Used to be that the "commercial arts" referred more to the production/technical end of things: mainly the different printing methods, screening photos, setting type and other technical aspects of getting the job produced as per the designer's specifications. Very few design decisions were left to the technicians.
Nowadays, the difference between the two fields has blurred quite a lot. Certain technologies have become antiquated (such as using a copy camera to screen continuous-tone photos) with the advent of the computer. If you are doing layout, making color and typographic choices, sourcing and choosing photos and contributing to the overall look of a piece, then you are a graphic designer. If you are simply handling a job when it comes through, ordering and checking separations, burning plates, running the press, you're not really an artist so much as you are a technician.

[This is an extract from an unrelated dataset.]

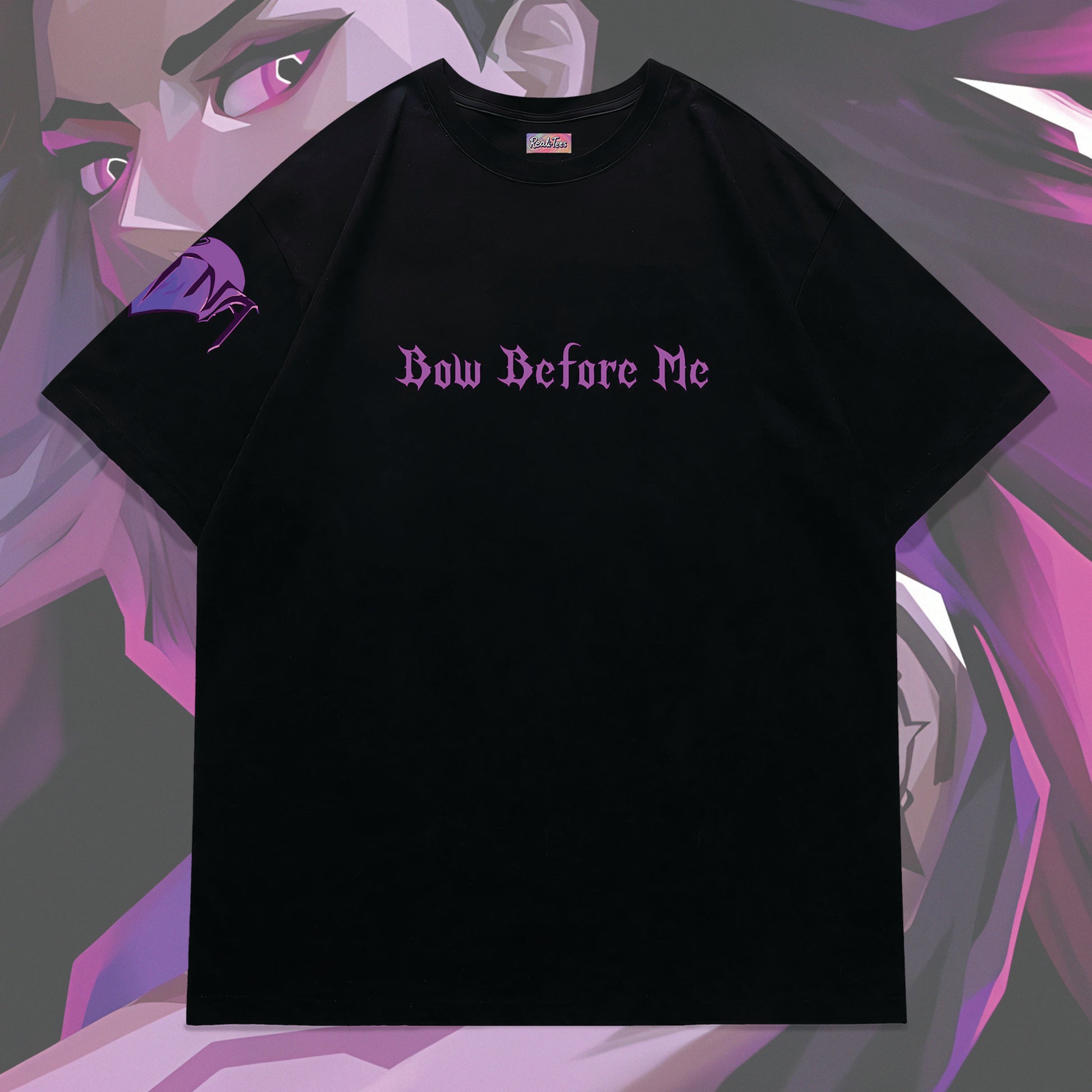 The Empress commands respect. The front sets the tone with her chilling line “Bow Before Me” in gothic lettering, while the back unveils a powerful full artwork of Reyna in her Empress state, surrounded by violet energy and dark floral accents. A tee made for players who embrace her ruthless dominance and play every match like a queen.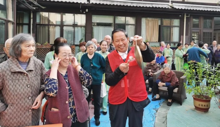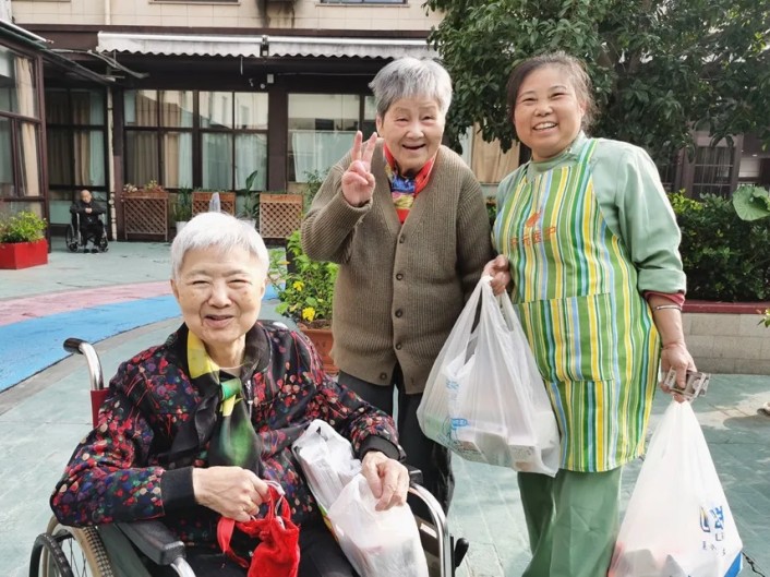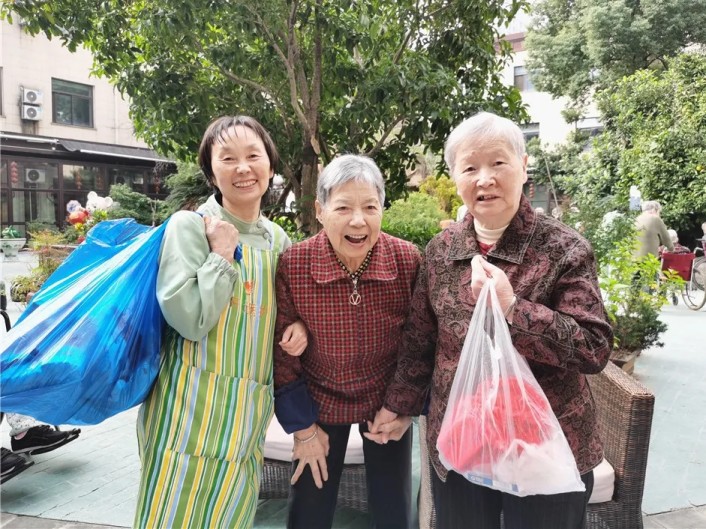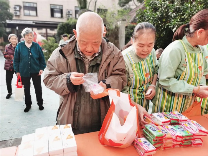 在开元之心颐养园,每年的双11总是特别热闹。今天早上,阳光正好,中庭花园早早摆好了一排摊位,为爷爷奶奶们准备了一场专属的购物盛宴。

I would say that the terms graphic designer, graphic artist and commercial artist are pretty much the same thing. Your skill with and knowledge of color, photography, illustration, typography and layout all contribute to designing and imparting a message to the general public or a specialized audience.
Generally speaking, a designer will be paid more than one who works in the commercial arts (again, it's the difference between CREATING something and PRODUCING something.) There are many specialized fields within graphic design: illustrator, technical illustrator, typographer, layout design, corporate identity, editorial illustration. You could end up doing all sorts of things as a graphic designer: flyers, brochures, catalogs, logos, illustrations, product packaging graphics, display graphics, poster design, Hollywood standees, movie production prop design (as in movies that need period-looking graphics for newspapers, signage, posters, etc.), amusement park signage and graphics, theatre scenic design. Anything that has words and pictures on it, you can be involved in as a graphic designer. Granted, you may be working in tandem with other designers (like structural designers for grocery store displays which is what I do or maybe a theatre set designer.)
If you have a signature look in whatever you do you could freelance and let the jobs come to YOU! Michael Doret, McRay Magleby, and Gerard Huerta (those are just a few off the top of my head) all have definitive signature looks to their work and they've managed to hone their skill and craft to the point where people recognize their style and WANT THAT style for their up-and-coming project.